Top of Data provided

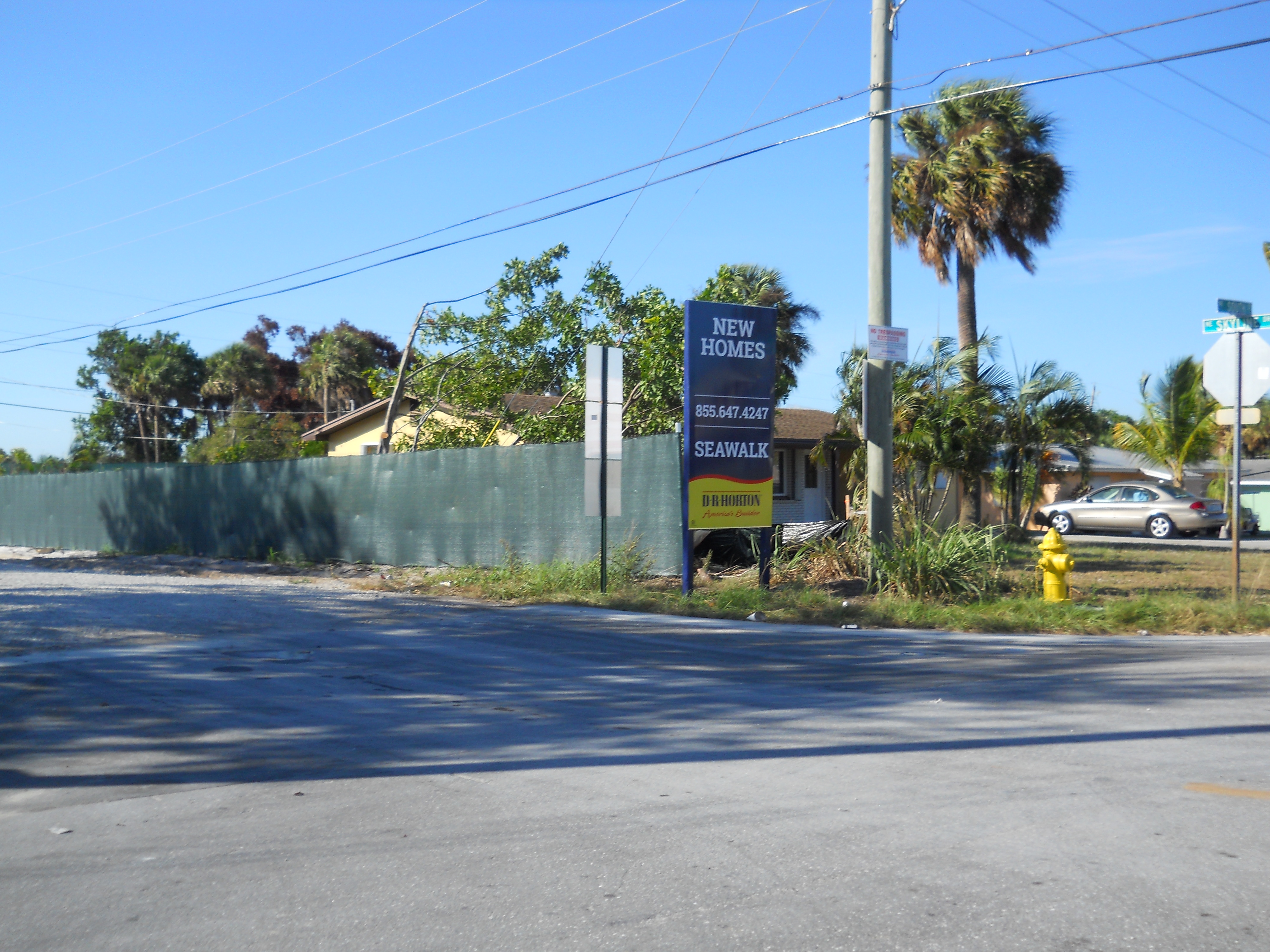 Seawalk sign at the south west corner of NorthEast South Street and NorthEast Skyline Drive, entering the Town of Ocean Breeze, Florida
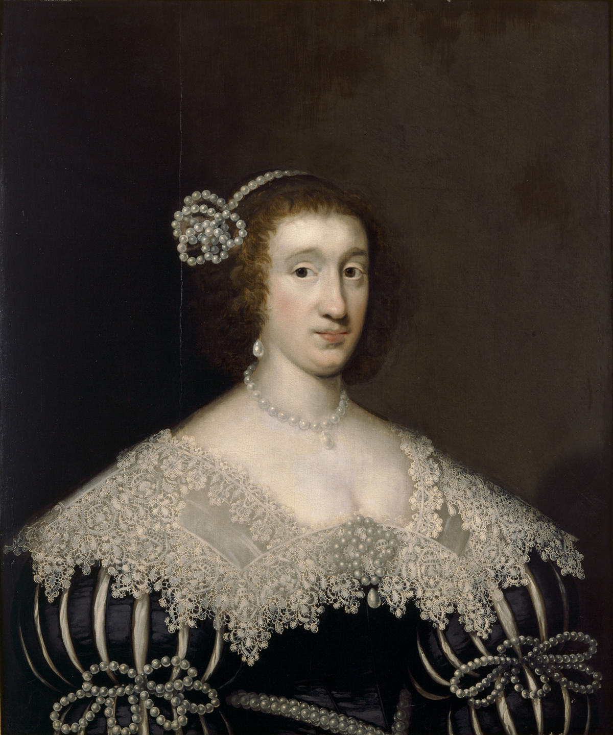 Portrait of Gertrude Howard
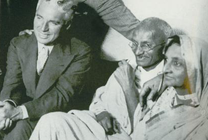 Gandhi (middle) meets with Charlie Chaplin (left) at the home of Dr. Kaitial in Canning Town, London, September 22, 1931.
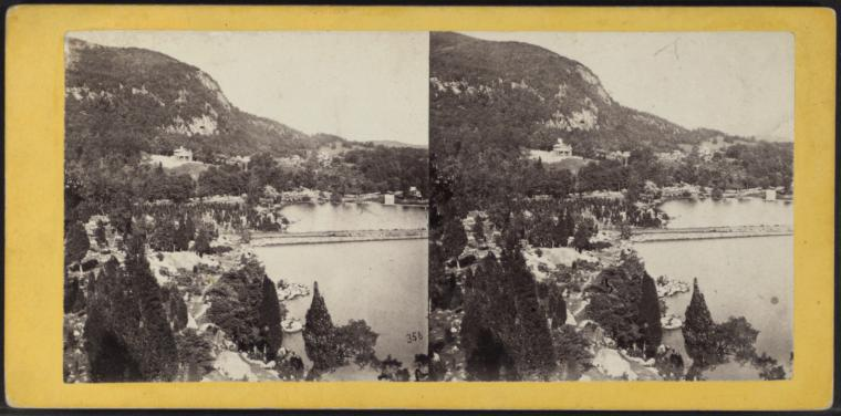 Digital ID: G91F051_028F. E. & H.T. Anthony (Firm) -- Photographer. [1860?-1875?] Source: Robert N. Dennis collection of stereoscopic views. / United States. / States / New York / Beauties of the Hudson. ( Repository: The New York Public Library. Photography Collection, Miriam and Ira D. Wallach Division of Art, Prints and Photographs. See more information about and others at Persistent URL: Rights Info: No known copyright restrictions; may be subject to third party rights (for more information
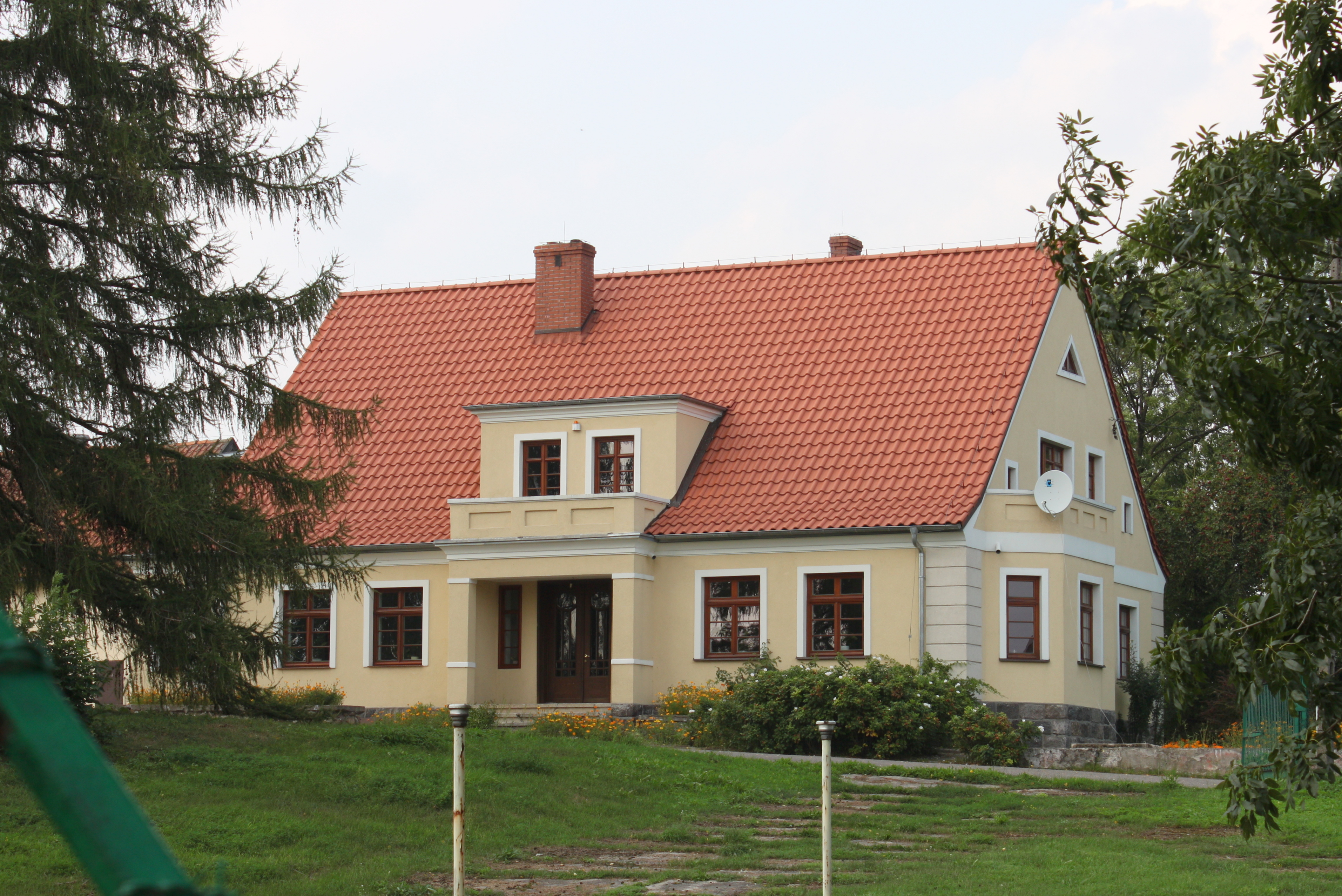 Building in Miętkie.
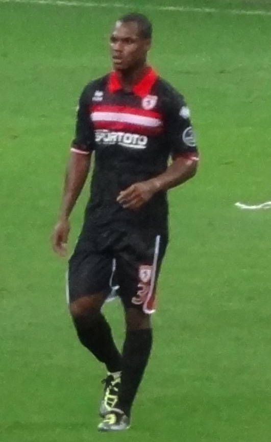 @GS Match
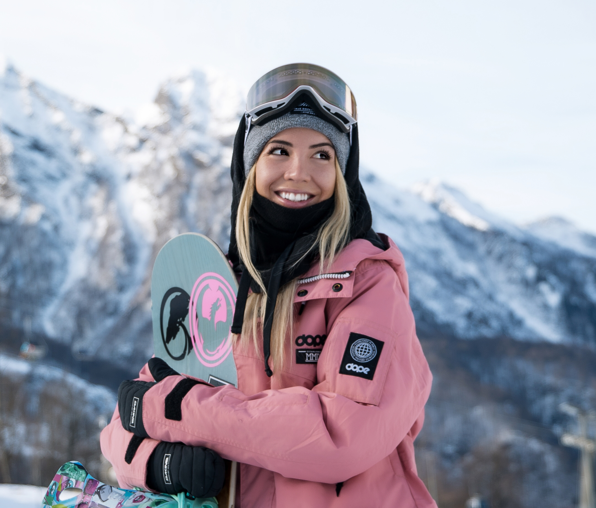 This photo shows Olga "Olya" Smeshlivaya in 2018 in Sochi (Russia).
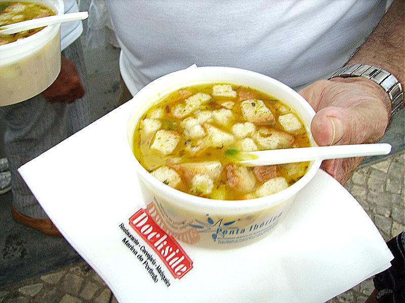 "The world's biggest soup - 2006 Guinness Record (Portimao, Algarve, Portugal)"
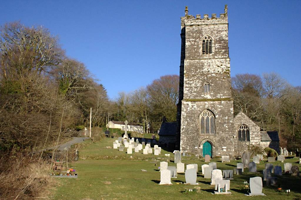 St Julitta's parish church, Lanteglos, near Camelford, Cornwall, seen from the west

Bottom of Data provided

• Exercise: In the answer, repeat exactly the lines from the top of the entries above through the line with "Gandhi (middle) meets", and leave pictures out of it.

• Answer below:
 Seawalk sign at the south west corner of NorthEast South Street and NorthEast Skyline Drive, entering the Town of Ocean Breeze, Florida
 Portrait of Gertrude Howard
 Gandhi (middle) meets with Charlie Chaplin (left) at the home of Dr. Kaitial in Canning Town, London, September 22, 1931.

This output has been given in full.